* _Task goal_
What you return should be only the lines in the entries below between the one holding "โปรไฟไหม้ ทัวร์จีน ซุปตาร์…พรหมลิขิตพาเจอรักเสมอหนานชาง" and the one holding "Womens Pullover Poncho", ends included, with every picture left out.

* _Stored dataset items_
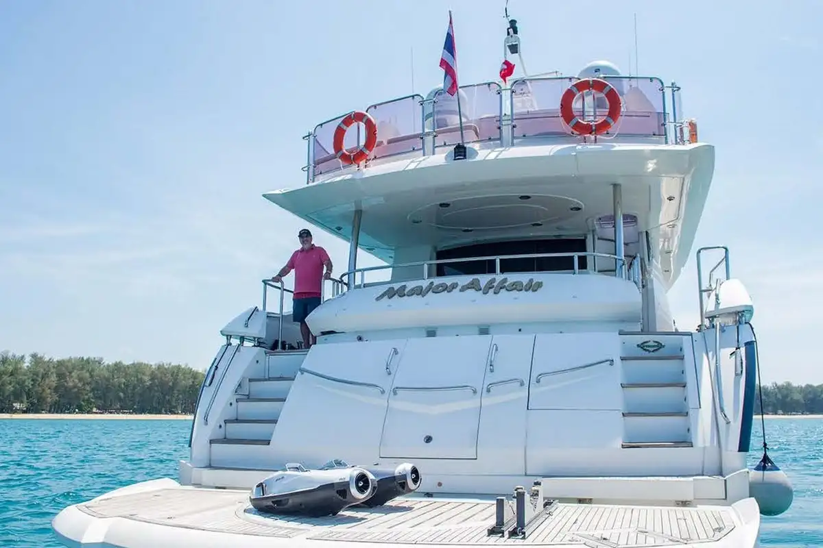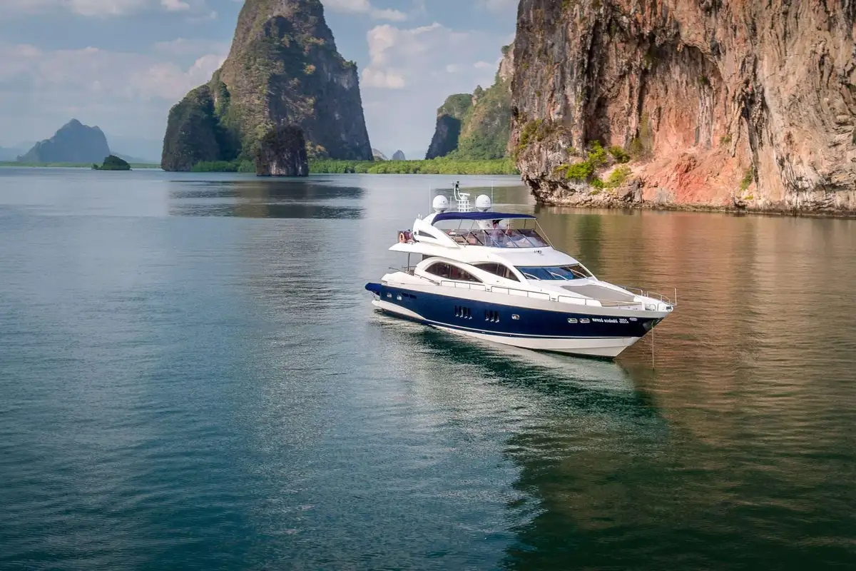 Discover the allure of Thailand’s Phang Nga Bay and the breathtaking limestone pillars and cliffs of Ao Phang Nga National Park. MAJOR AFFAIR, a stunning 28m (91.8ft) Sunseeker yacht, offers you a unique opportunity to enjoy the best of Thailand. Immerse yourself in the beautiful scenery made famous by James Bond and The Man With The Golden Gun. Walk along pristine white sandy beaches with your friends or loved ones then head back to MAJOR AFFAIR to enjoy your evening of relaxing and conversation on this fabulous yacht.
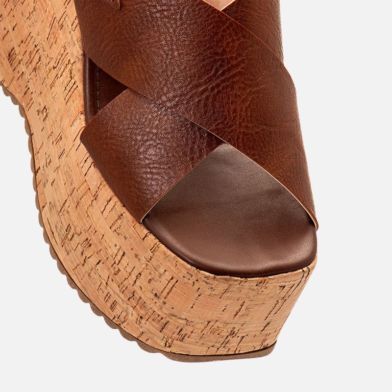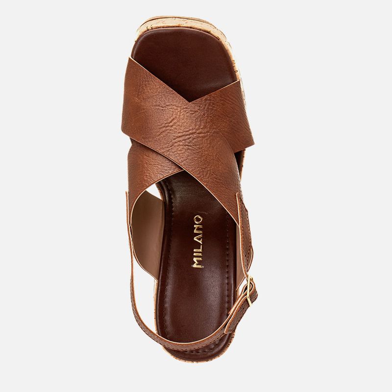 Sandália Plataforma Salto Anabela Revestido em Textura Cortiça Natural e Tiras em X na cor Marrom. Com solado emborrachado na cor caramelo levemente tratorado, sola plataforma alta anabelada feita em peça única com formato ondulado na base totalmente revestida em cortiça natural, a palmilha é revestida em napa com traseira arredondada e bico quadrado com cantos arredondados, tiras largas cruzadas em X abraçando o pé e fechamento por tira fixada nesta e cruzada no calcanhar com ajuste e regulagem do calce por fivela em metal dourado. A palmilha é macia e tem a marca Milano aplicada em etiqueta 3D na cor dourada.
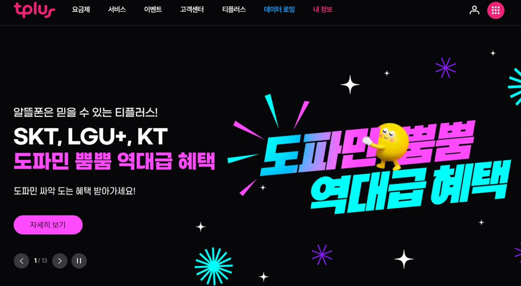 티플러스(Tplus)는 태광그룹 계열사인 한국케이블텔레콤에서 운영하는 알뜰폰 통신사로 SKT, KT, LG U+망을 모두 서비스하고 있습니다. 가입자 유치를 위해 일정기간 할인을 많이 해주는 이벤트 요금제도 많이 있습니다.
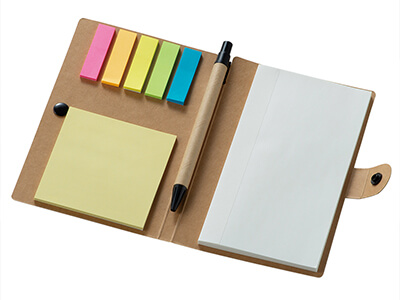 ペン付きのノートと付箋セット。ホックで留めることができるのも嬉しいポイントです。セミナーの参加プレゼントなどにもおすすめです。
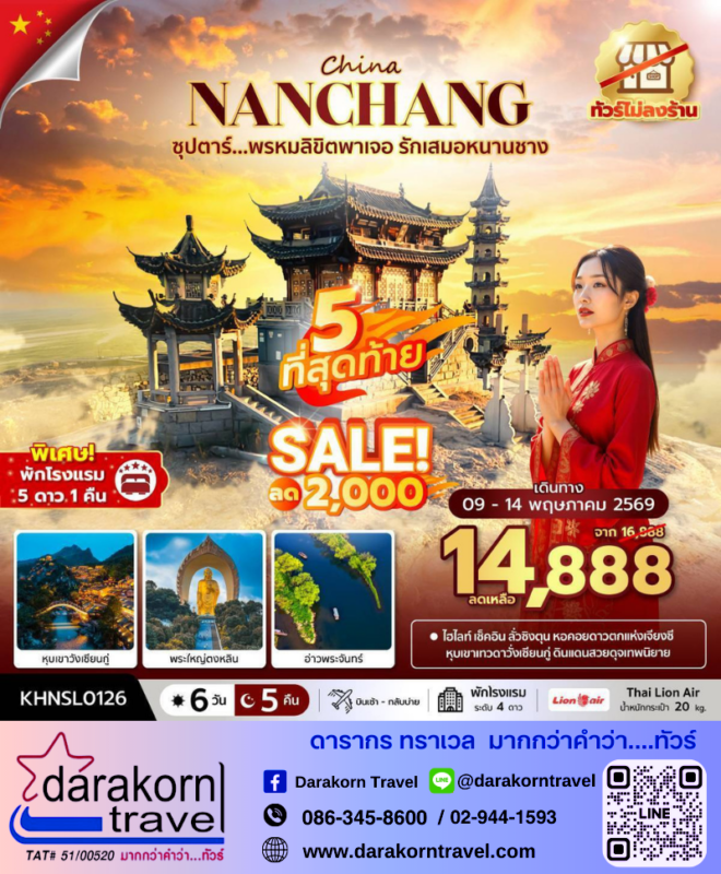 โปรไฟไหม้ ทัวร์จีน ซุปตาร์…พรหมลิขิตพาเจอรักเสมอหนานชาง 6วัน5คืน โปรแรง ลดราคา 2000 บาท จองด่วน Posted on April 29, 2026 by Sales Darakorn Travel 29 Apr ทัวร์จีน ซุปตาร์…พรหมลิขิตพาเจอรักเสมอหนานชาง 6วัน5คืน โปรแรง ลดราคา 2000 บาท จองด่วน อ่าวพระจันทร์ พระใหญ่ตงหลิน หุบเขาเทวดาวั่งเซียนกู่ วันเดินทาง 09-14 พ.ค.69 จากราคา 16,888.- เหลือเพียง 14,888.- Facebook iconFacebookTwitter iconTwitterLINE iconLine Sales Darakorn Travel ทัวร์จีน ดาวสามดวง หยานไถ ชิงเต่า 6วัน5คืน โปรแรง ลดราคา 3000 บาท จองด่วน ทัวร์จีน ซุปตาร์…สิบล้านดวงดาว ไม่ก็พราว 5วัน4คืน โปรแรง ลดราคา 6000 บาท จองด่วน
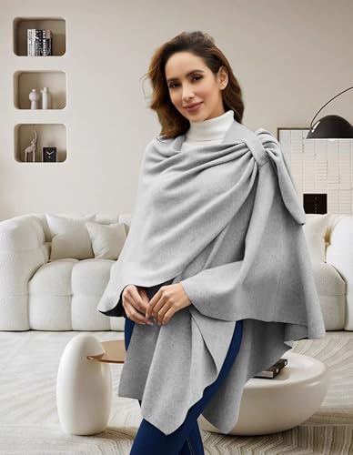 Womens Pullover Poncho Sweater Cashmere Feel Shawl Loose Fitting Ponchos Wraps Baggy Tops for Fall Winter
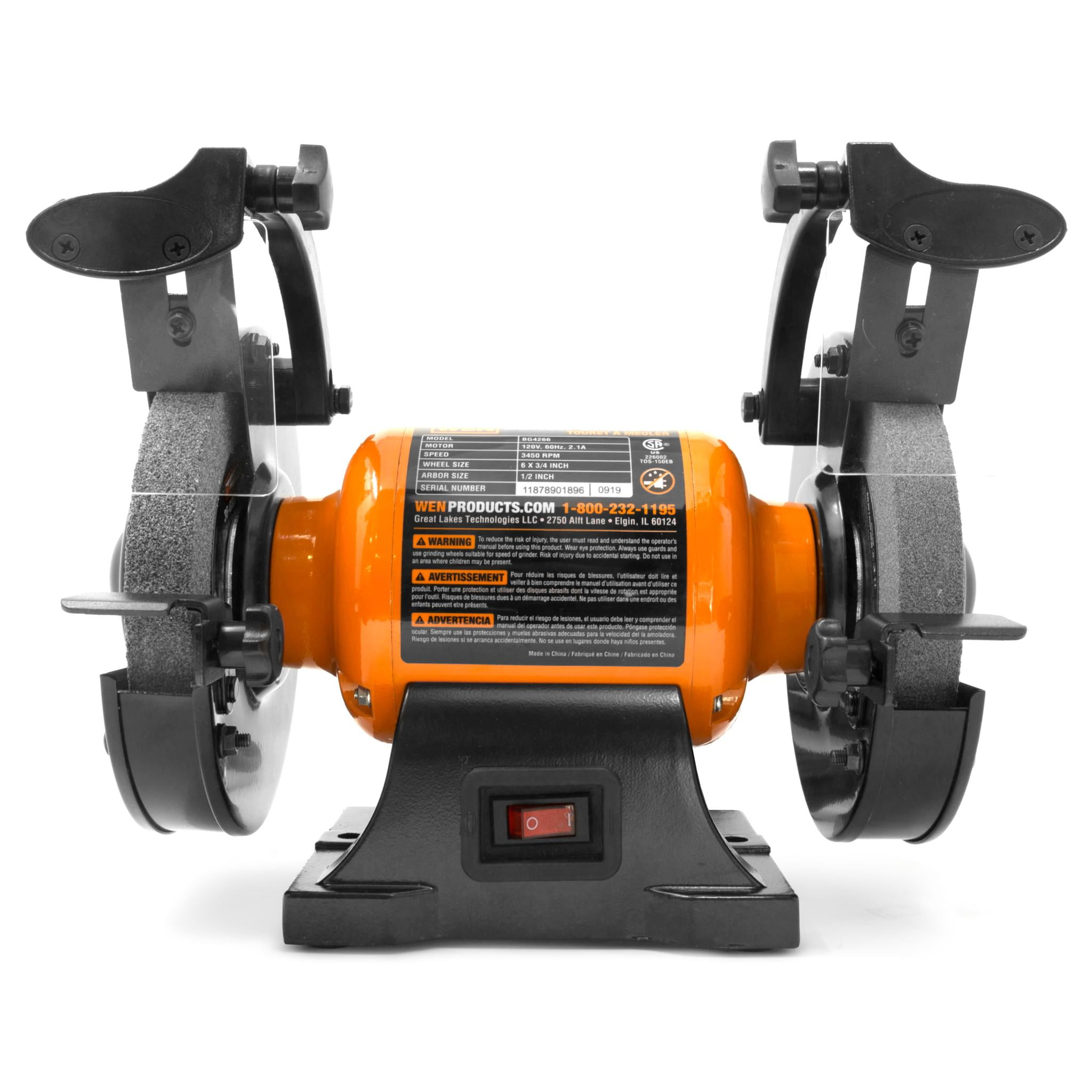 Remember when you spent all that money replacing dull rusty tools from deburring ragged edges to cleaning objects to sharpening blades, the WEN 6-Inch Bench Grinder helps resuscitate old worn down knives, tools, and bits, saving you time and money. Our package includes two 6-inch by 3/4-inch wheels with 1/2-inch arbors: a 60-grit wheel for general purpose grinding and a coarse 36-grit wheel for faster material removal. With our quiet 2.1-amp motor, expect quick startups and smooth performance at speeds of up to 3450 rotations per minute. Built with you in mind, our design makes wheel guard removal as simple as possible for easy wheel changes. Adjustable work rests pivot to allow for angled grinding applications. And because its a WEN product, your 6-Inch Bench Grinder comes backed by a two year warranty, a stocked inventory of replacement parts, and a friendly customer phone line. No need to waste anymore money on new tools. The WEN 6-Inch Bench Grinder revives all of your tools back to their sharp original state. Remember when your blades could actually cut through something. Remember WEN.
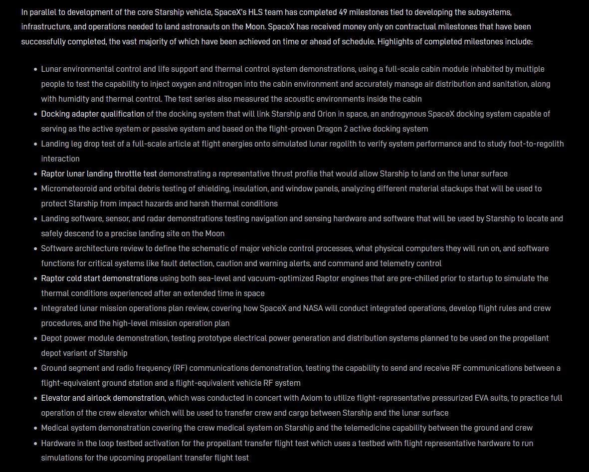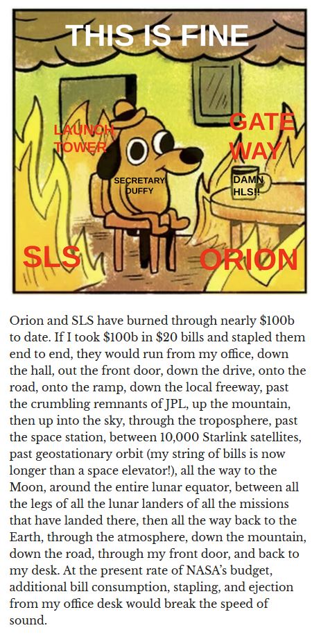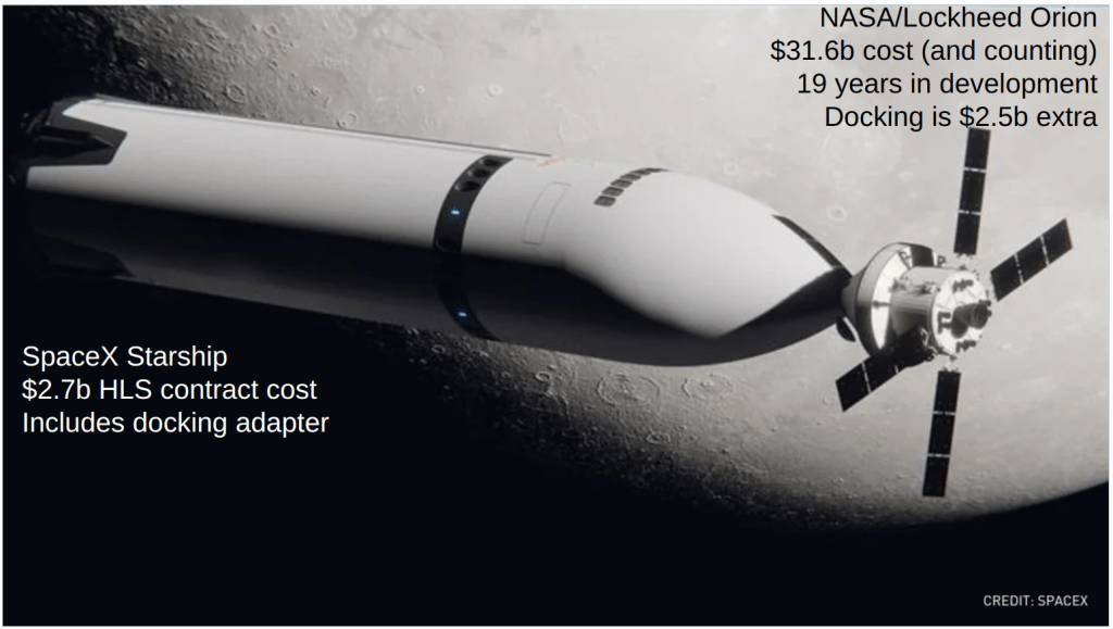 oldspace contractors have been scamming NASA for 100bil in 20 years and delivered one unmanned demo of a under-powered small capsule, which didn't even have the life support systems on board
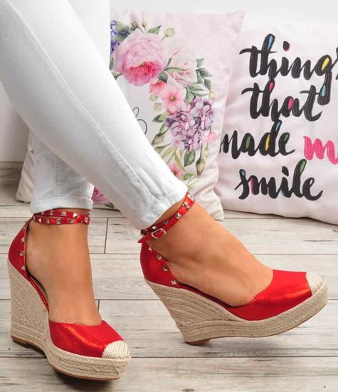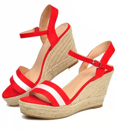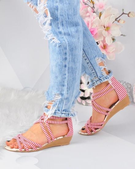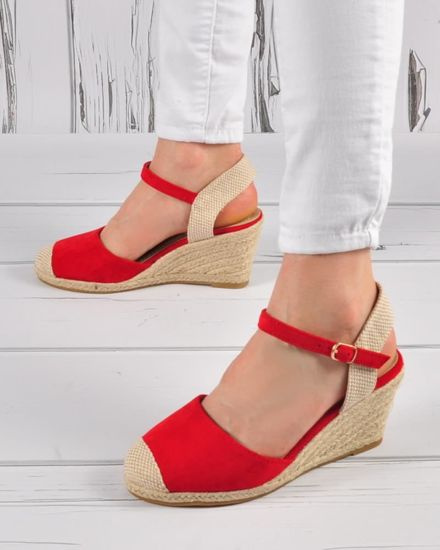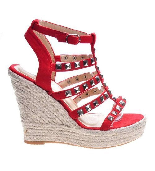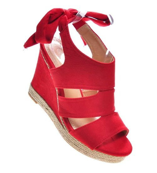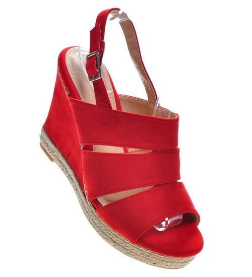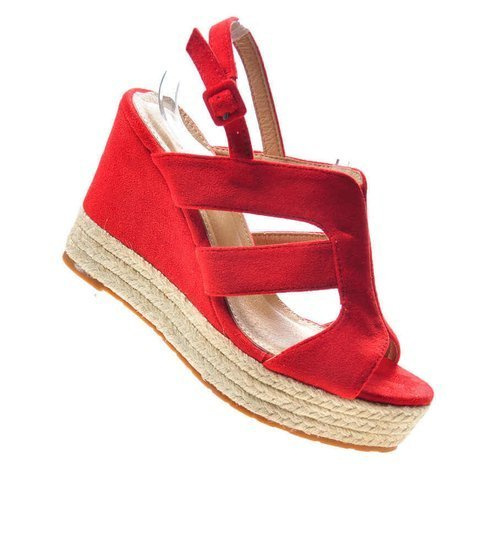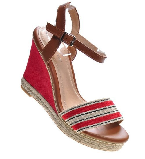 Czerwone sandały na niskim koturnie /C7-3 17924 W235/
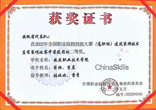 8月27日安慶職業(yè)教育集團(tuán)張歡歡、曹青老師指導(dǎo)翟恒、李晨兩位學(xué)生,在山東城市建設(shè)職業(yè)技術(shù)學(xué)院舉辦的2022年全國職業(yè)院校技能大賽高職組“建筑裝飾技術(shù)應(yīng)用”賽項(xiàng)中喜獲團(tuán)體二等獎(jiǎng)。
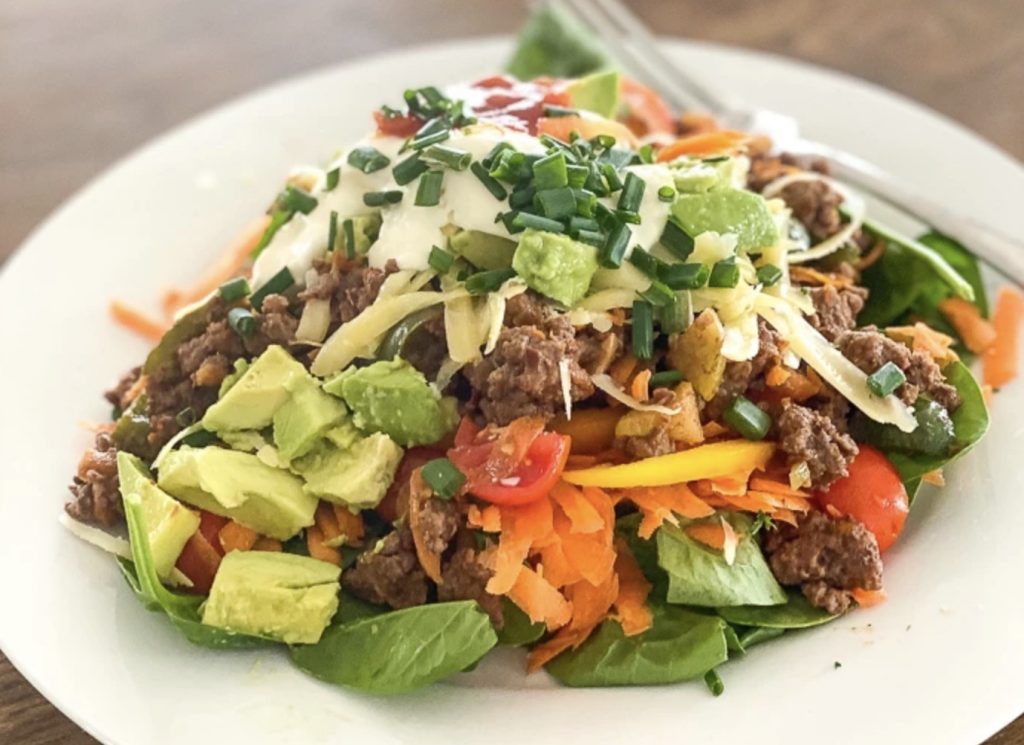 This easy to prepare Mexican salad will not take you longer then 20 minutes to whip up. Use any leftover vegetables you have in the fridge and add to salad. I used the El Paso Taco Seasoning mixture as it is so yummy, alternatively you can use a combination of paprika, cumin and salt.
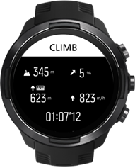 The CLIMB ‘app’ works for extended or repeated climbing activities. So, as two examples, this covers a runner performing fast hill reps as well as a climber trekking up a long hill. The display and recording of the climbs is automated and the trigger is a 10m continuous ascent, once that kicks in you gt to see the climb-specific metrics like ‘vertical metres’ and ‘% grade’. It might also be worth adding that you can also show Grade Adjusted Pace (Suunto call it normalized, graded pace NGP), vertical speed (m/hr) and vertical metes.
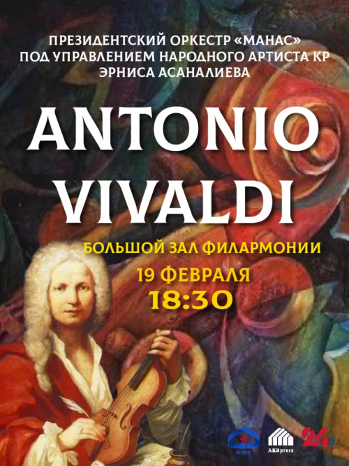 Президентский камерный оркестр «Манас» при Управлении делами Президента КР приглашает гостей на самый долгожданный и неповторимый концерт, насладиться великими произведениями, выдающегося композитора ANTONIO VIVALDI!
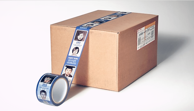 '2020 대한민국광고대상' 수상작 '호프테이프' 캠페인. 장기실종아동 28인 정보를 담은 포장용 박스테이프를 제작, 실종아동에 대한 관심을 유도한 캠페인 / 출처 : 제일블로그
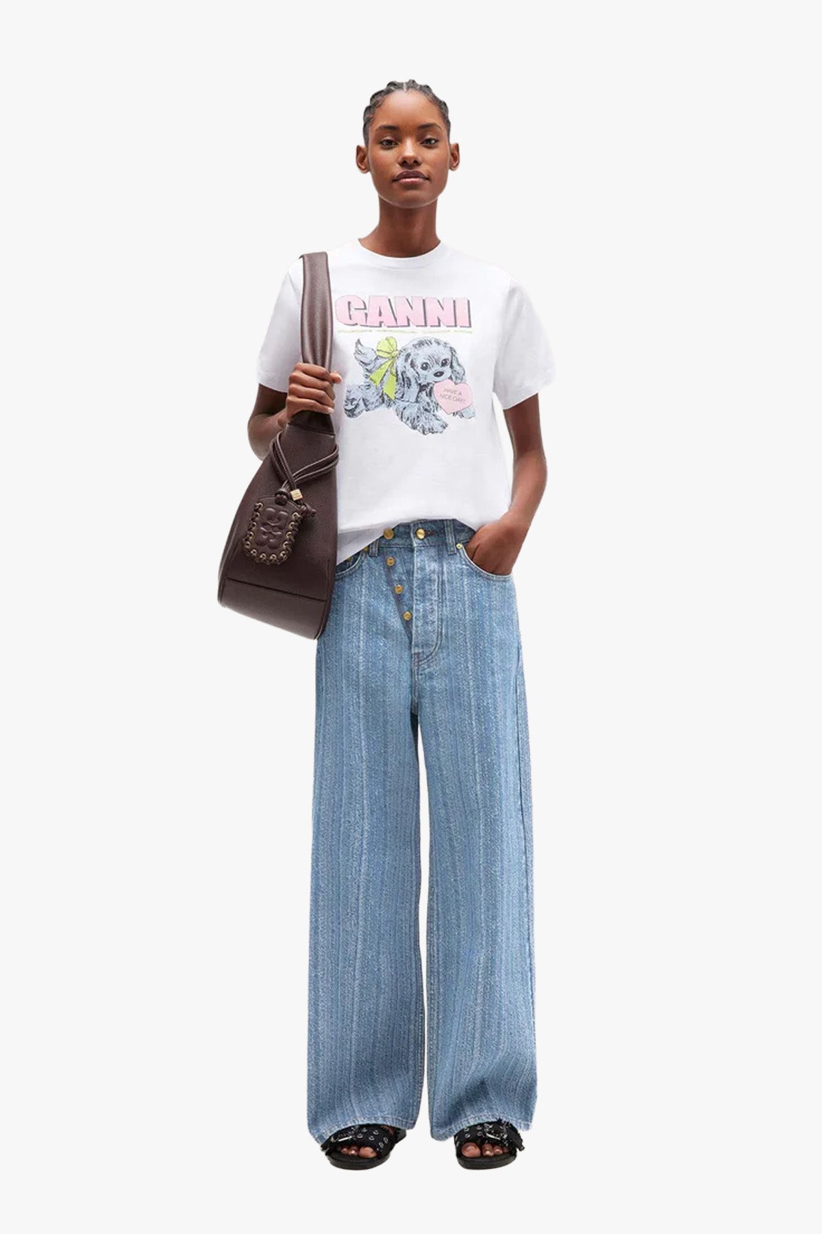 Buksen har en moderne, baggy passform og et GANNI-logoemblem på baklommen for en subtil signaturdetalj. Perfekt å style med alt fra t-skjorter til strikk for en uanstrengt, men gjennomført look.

* _Output of the exercise_
 โปรไฟไหม้ ทัวร์จีน ซุปตาร์…พรหมลิขิตพาเจอรักเสมอหนานชาง 6วัน5คืน โปรแรง ลดราคา 2000 บาท จองด่วน Posted on April 29, 2026 by Sales Darakorn Travel 29 Apr ทัวร์จีน ซุปตาร์…พรหมลิขิตพาเจอรักเสมอหนานชาง 6วัน5คืน โปรแรง ลดราคา 2000 บาท จองด่วน อ่าวพระจันทร์ พระใหญ่ตงหลิน หุบเขาเทวดาวั่งเซียนกู่ วันเดินทาง 09-14 พ.ค.69 จากราคา 16,888.- เหลือเพียง 14,888.- Facebook iconFacebookTwitter iconTwitterLINE iconLine Sales Darakorn Travel ทัวร์จีน ดาวสามดวง หยานไถ ชิงเต่า 6วัน5คืน โปรแรง ลดราคา 3000 บาท จองด่วน ทัวร์จีน ซุปตาร์…สิบล้านดวงดาว ไม่ก็พราว 5วัน4คืน โปรแรง ลดราคา 6000 บาท จองด่วน
 Womens Pullover Poncho Sweater Cashmere Feel Shawl Loose Fitting Ponchos Wraps Baggy Tops for Fall Winter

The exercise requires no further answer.